Take the line that contains "西部戰(zhàn)區(qū)" and each line after it to the end of the data below, and set them down exactly, omitting pictures.

▶ _EXERCISE DATA_
......

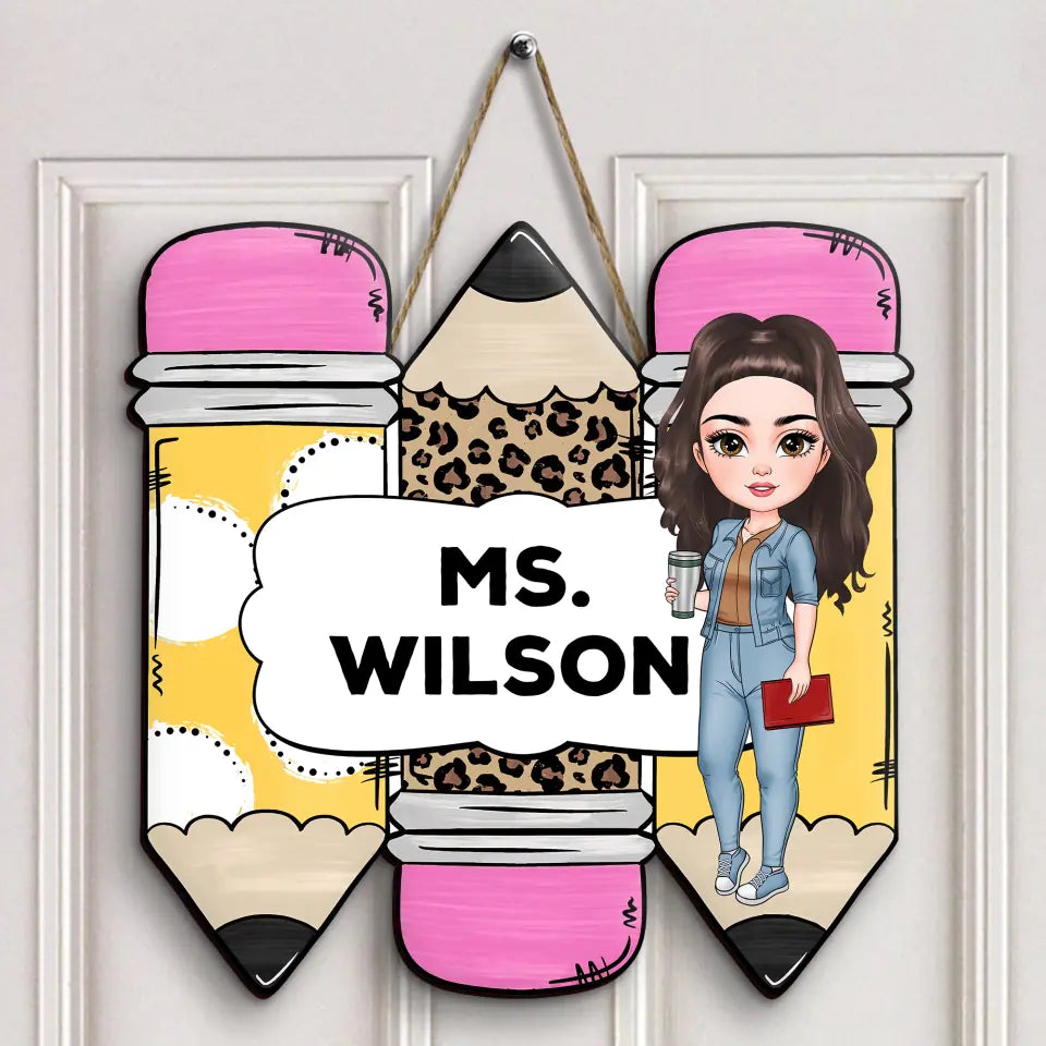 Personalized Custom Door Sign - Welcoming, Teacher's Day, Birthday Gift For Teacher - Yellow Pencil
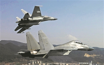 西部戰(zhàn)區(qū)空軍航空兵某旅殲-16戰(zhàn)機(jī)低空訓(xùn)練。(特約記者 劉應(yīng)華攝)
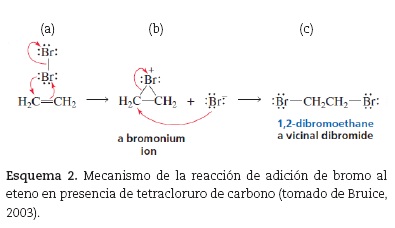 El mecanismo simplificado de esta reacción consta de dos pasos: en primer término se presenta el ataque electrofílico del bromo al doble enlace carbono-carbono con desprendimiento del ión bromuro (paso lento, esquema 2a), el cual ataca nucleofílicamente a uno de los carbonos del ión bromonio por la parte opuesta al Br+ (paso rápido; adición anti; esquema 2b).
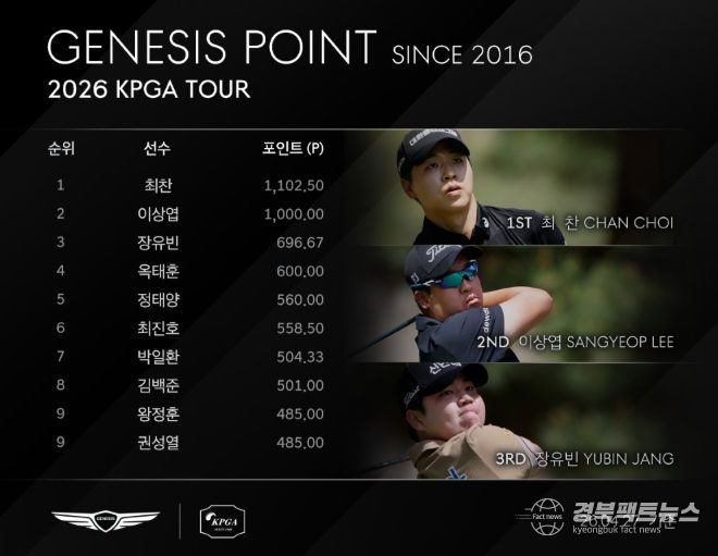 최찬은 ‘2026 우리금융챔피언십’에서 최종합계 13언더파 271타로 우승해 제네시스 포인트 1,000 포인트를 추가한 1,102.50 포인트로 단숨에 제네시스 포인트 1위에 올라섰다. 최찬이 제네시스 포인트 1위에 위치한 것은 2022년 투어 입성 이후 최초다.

......

▶ _SOLUTION TO THE PROBLEM_
 西部戰(zhàn)區(qū)空軍航空兵某旅殲-16戰(zhàn)機(jī)低空訓(xùn)練。(特約記者 劉應(yīng)華攝)
 El mecanismo simplificado de esta reacción consta de dos pasos: en primer término se presenta el ataque electrofílico del bromo al doble enlace carbono-carbono con desprendimiento del ión bromuro (paso lento, esquema 2a), el cual ataca nucleofílicamente a uno de los carbonos del ión bromonio por la parte opuesta al Br+ (paso rápido; adición anti; esquema 2b).
 최찬은 ‘2026 우리금융챔피언십’에서 최종합계 13언더파 271타로 우승해 제네시스 포인트 1,000 포인트를 추가한 1,102.50 포인트로 단숨에 제네시스 포인트 1위에 올라섰다. 최찬이 제네시스 포인트 1위에 위치한 것은 2022년 투어 입성 이후 최초다.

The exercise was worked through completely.